Most of us remember Buchan for bestselling thrillers such as The Thirty-Nine Steps (1915), filmed at least twice, I believe, but many of his books were biographies. The writer and academic Christopher Hitchens said that when he was young Buchan’s novels taught him to read proper book-length books. The villains in the thrillers weren’t Jews but the German High Command. After losing close friends in the first world war, he came to believe that the war was wicked. When he entered Parliament, he wasn’t really a tame party man, choosing to align himself with liberal Tories such as Harold Macmillan and Bob Boothby. Some saw him, a thriller writer, as a bridge between the Imperial novels of Henty, Kipling and others and the later writers, Greene, Fleming and le CarrĂ©. He was held in such high esteem that when, as Lord Tweedsmuir, he died in 1940 there was a state funeral for him in Canada and a memorial service at Westminster Abbey.
It’s not easy conveying landscape on radio; you need more than a good command of words and not everyone pulls it off. This is why I tend not to listen regularly to Clare Balding’s series, Ramblings, on Radio Four (Fridays). Last week she was in an area I know well, the Cranborne Chase that straddles the Wiltshire- Dorset border before flattening into the coastal plain. She accompanied an ex-soldier, James Crowden, now a writer, who lives there tending sheep, it seems. Some people spell Cranborne differently, by including a ‘u’ after the the ‘o’, but I prefer the spelling I’ve used, after Cranborne village and the name of one of the Cecil family titles.

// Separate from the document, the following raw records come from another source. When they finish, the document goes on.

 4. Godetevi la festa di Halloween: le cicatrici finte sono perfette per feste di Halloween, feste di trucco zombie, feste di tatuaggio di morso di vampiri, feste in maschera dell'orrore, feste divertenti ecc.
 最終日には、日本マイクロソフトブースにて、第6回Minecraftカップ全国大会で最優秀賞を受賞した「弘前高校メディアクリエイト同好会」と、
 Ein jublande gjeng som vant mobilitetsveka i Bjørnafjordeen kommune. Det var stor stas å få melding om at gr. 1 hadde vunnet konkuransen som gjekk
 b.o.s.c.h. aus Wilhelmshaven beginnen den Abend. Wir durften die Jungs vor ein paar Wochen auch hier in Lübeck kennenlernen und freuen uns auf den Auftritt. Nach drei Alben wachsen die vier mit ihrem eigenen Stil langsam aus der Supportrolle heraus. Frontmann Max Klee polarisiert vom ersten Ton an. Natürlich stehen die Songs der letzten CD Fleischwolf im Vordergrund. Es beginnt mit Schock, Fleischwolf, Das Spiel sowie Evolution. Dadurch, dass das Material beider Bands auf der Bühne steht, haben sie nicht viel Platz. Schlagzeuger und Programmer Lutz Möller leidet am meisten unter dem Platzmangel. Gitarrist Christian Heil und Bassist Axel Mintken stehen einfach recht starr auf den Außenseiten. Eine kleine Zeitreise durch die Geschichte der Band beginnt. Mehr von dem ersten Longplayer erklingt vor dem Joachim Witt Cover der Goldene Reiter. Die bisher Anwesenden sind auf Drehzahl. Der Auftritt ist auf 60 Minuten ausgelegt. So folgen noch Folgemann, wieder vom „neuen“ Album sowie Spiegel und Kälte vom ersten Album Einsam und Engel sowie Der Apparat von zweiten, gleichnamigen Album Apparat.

Somehow, the majesty and beauty of the Chase, with its undulating hills, lush hollows and dramatic amphitheatres formed by the Downs, didn’t really come across to me in this programme. At its highest point, Win Green Hill, you can see across four counties - Wiltshire, Dorset, Hampshire and Somerset - and even the top of the Salisbury Cathedral spire, shining white in the sun, is visible on a clear day. Crowden described the curve of the Downs as ‘quite voluptuous’, which is the nearest we got to a vivid evocation, though Balding did accurately say that standing on Win Green was like being on top of the world. Not all is tranquility and harmony, of course. The north-south traffic constantly increases. In their part of the walk only one of nine dairy farmers remains and only the wealthy can afford to buy houses, this being the story of southern England generally. But until John Prescott notices it, the Chase will remain arguably the most quintessentially English landscape there is.